Lucy is a female Asian elephant captured from the wild in Sri Lanka when she was just a baby. In 1975, the City of Edmonton decided to expand its Storyland Valley Zoo, a small children's zoo that featured a variety of displays with storybook themes, like the Three Little Pigs and Mother Goose.

The new zoo would include an African exhibit featuring zebras, ostriches and other animals. The biggest attraction was going to be an elephant. At that time, every zoo wanted an elephant, and they were not hard to acquire. In the 1970s, zoos could order baby elephants from animal dealers, so the Valley Zoo placed an order for a baby Asian elephant from a West German animal dealer. In a letter to the dealer, the Valley Zoo manager said he wanted "a healthy, evenly coloured specimen of approximately two years of age." The manager also mentioned that he would prefer a baby that was no longer drinking its mothers milk, but said they would accept a milk-feeding animal if necessary." The zoo paid $8,939 for Lucy.

At the time, Lucy was named Skanik.

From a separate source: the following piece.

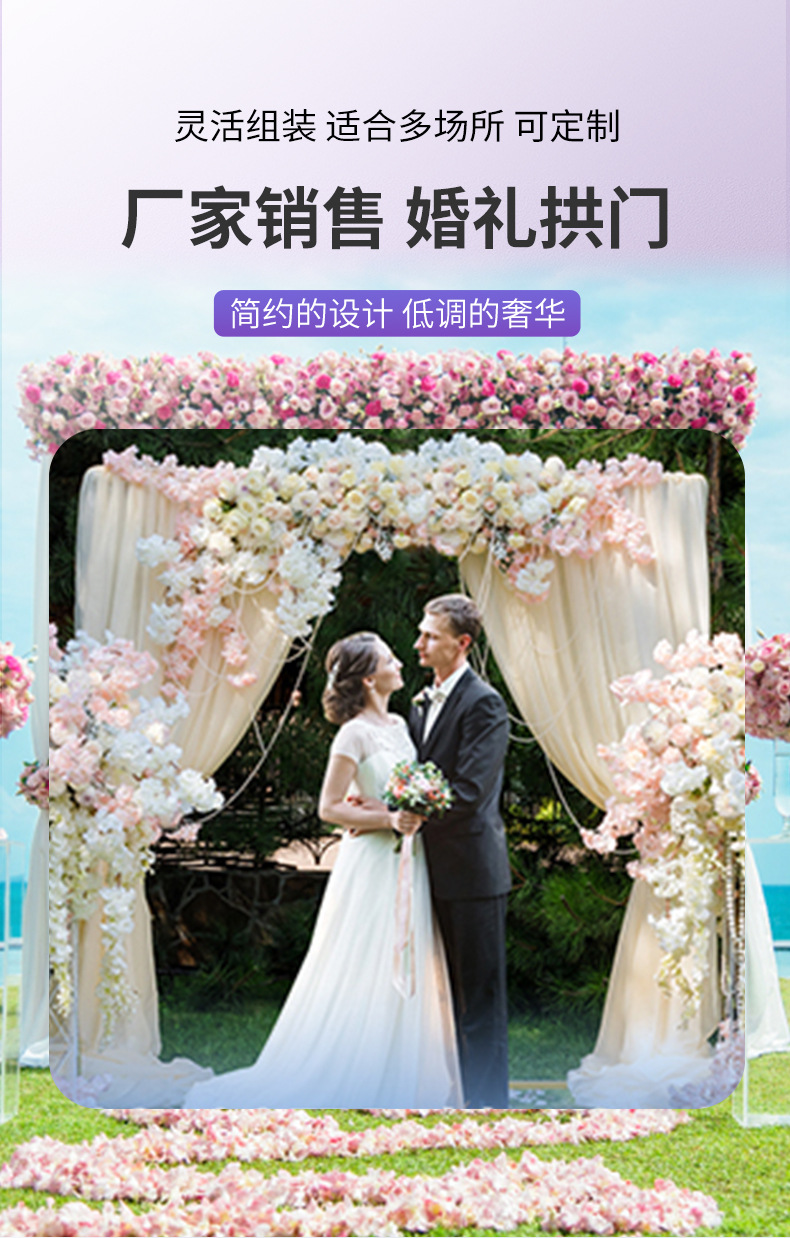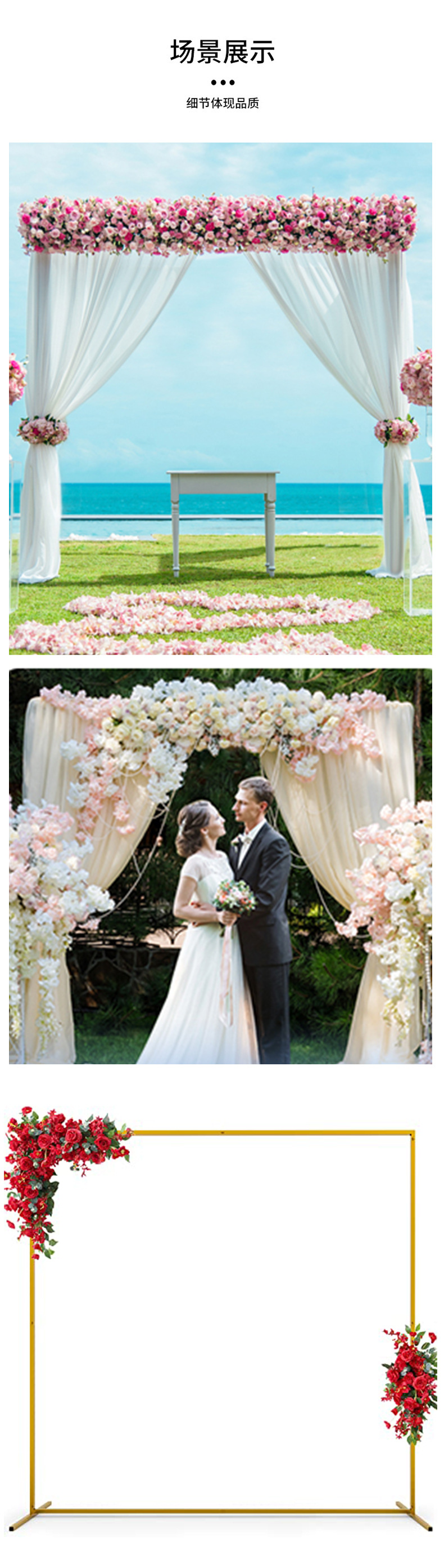 婚庆道具舞台背景架背景铁艺装饰花架支架金色婚礼方形拱门架子

The records are not entirely clear about where in Sri Lanka whe came from, but it is thought she was born in the wild. Some people claim she was an orphan. If Lucy was removed from her family in the wild, her mother would have done everything possible to prevent her from being taken. She would not have willingly given it up, even if it meant that she would also be captured, or even killed.

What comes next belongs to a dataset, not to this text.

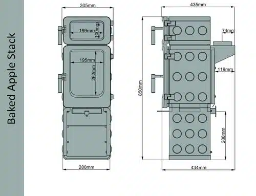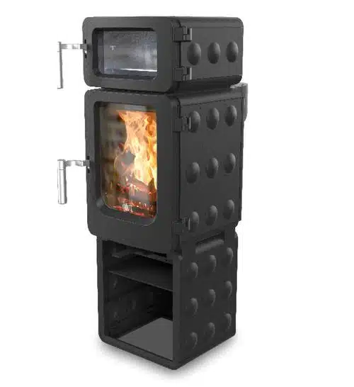 The Baked Apple Pie Stack offers the full combination of accessories from the Apple Pie range, including the top oven for baking and pedestal base for elevating the stove to a higher position as well as acting as a log store.

According to the animal dealer, Lucy came with a whole group of animals that arrived in a shipment from India, making it impossible to trace her background.

In 1977, Lucy was put in a crate and flown to Alberta, Canada from West Germany.

Since Edmonton is located in the north, its weather is very different from the tropical climate of Sri Lanka where Lucy came from. During cold weather she is kept inside her cement-floored barn, as well as at night when the zoo is closed. That adds up to a great deal of Lucy's time.

For close to the 10 years, a time when young elephants are with their mother and families, Lucy was alone. In 1986 and 1987, she was sent to the Calgary Zoo, three hours to the south, for breeding loans. She was bred many times but never produced a baby. The breeding loans then stopped and Lucy was alone again.

Then Samantha, a female baby African elephant that had been captured in Zimbabwe was brought to the zoo to keep Lucy company. But in 2007, Samantha was sent to another zoo on a long-term breeding loan and Lucy was left alone again. Samantha never returned.
Elephants are highly social animals, just like us. In fact, female elephants spend their entire lives in relatively stable family groups with their mother, sisters, aunts, cousins and even their grandmothers. They need to have friends and be around others of their own kind. Unfortunately, Lucy is alone at the Valley Zoo. She has no elephant family or friends and is currently one of only a few elephants living alone in North American zoos

Lucy is only in her mid-40s, but that's an advanced age for an elephant in a zoo. In fact, most elephants in zoos die before or during middle age, even though their potential natural lifespans can reach into the 60s or 70s. The oldest documented Asian elephant lived to be 86 years old.